**EXERCISE DETAILS**
Output each entry verbatim and exclude every picture from it.

Stored records

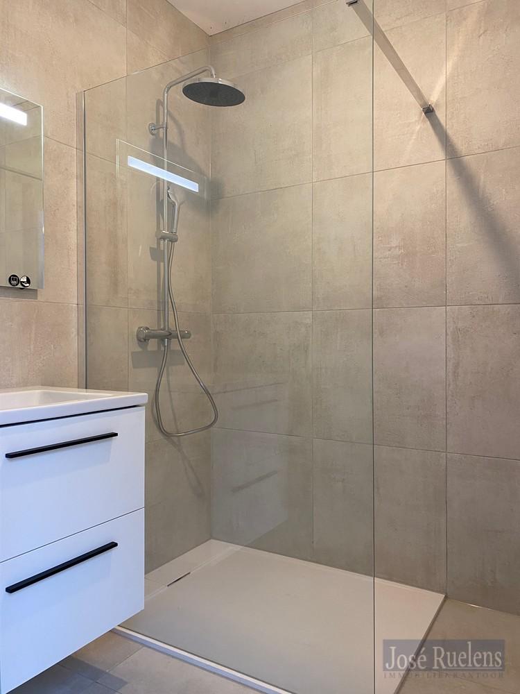 De woonkamer geeft toegang tot een leuk, overdekt hoekterras. Aan de volledig geïnstalleerde open keuken is er een aangename hoek voor een eettafel.
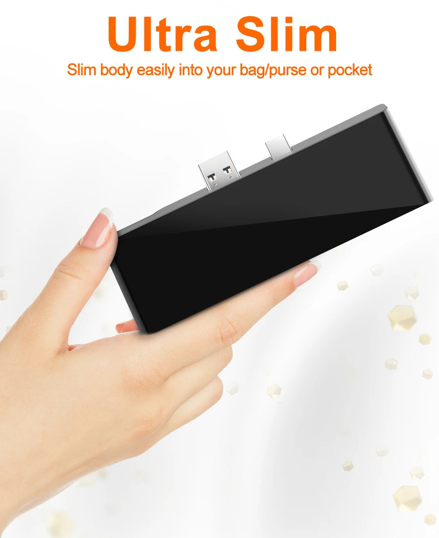 USB 3,0 концентратор добавляет дополнительные 2 порта USB 3,0 для вашего ноутбука, что позволяет подключать несколько периферийных устройств USB. Поддержка более быстрой передачи данных до 5 Гбит/с, 10x быстрее, чем USB 2,0. Предоставление бесшовного доступа к проводной клавиатуре, мыши, USB флэш-накопитель, жесткий диск и т. д.Multi расширение с SD и TF слоты
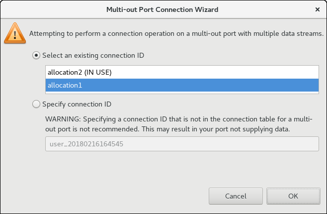 When performing an operation on a multi-out port, if there is only one connection ID, it is used by the IDE. If there are multiple connection IDs in the connection table, the IDE displays the Multi-out Port Connection Wizard dialog with the option to either select a Connection ID from the entries in the connection table or input one manually.
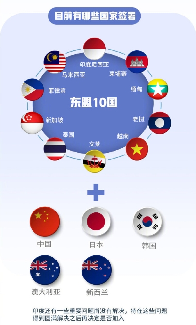 RCEP由东盟于2012年发起,成员国包括印度尼西亚、马来西亚、菲律宾、泰国、新加坡、文莱、柬埔寨、老挝、缅甸、越南在内的东盟10国与中国、日本、韩国、澳大利亚、新西兰。
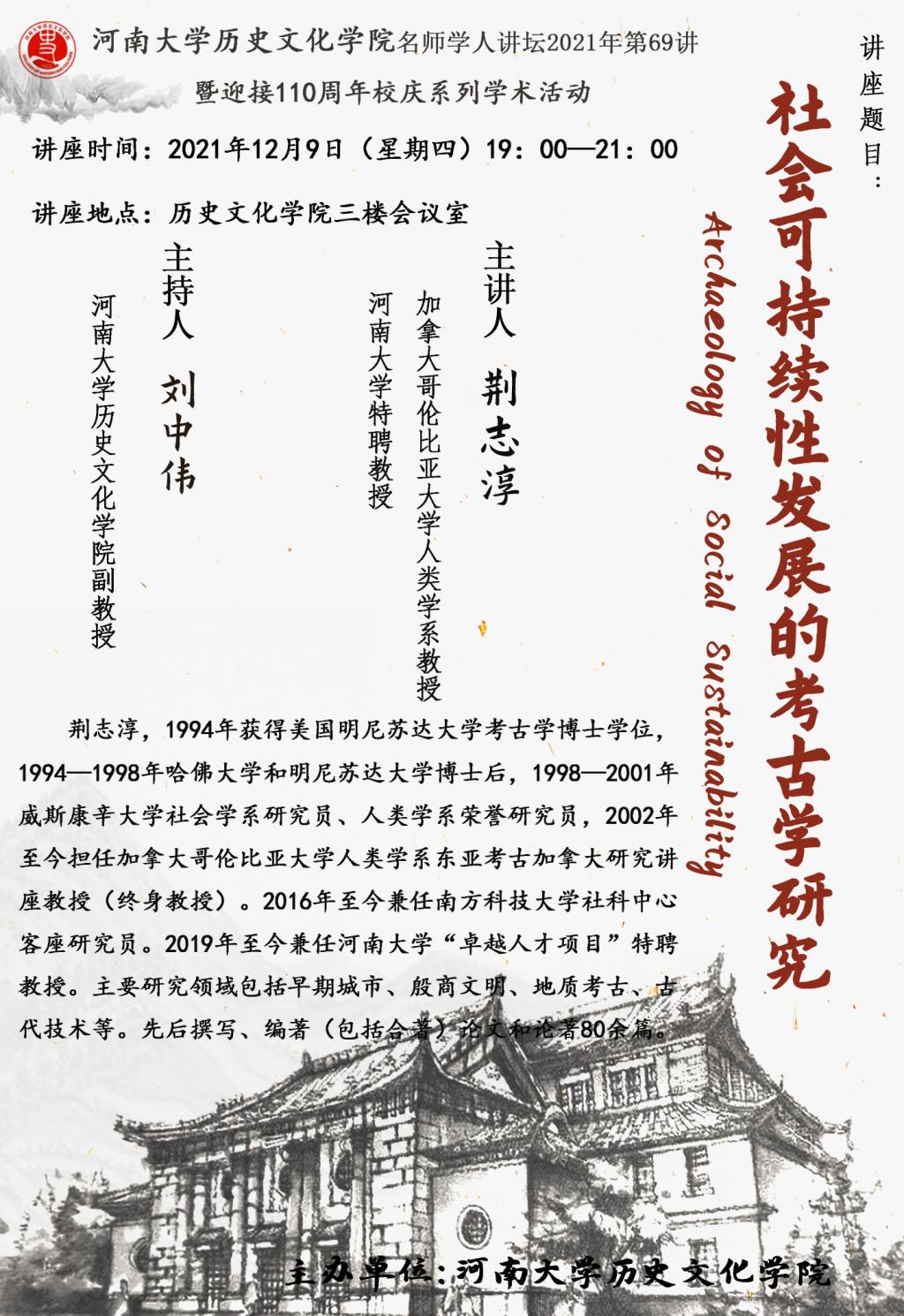 【讲座通知】荆志淳:社会可持续性发展的考古学研究

**FINAL ANSWER**
 De woonkamer geeft toegang tot een leuk, overdekt hoekterras. Aan de volledig geïnstalleerde open keuken is er een aangename hoek voor een eettafel.
 USB 3,0 концентратор добавляет дополнительные 2 порта USB 3,0 для вашего ноутбука, что позволяет подключать несколько периферийных устройств USB. Поддержка более быстрой передачи данных до 5 Гбит/с, 10x быстрее, чем USB 2,0. Предоставление бесшовного доступа к проводной клавиатуре, мыши, USB флэш-накопитель, жесткий диск и т. д.Multi расширение с SD и TF слоты
 When performing an operation on a multi-out port, if there is only one connection ID, it is used by the IDE. If there are multiple connection IDs in the connection table, the IDE displays the Multi-out Port Connection Wizard dialog with the option to either select a Connection ID from the entries in the connection table or input one manually.
 RCEP由东盟于2012年发起,成员国包括印度尼西亚、马来西亚、菲律宾、泰国、新加坡、文莱、柬埔寨、老挝、缅甸、越南在内的东盟10国与中国、日本、韩国、澳大利亚、新西兰。
 【讲座通知】荆志淳:社会可持续性发展的考古学研究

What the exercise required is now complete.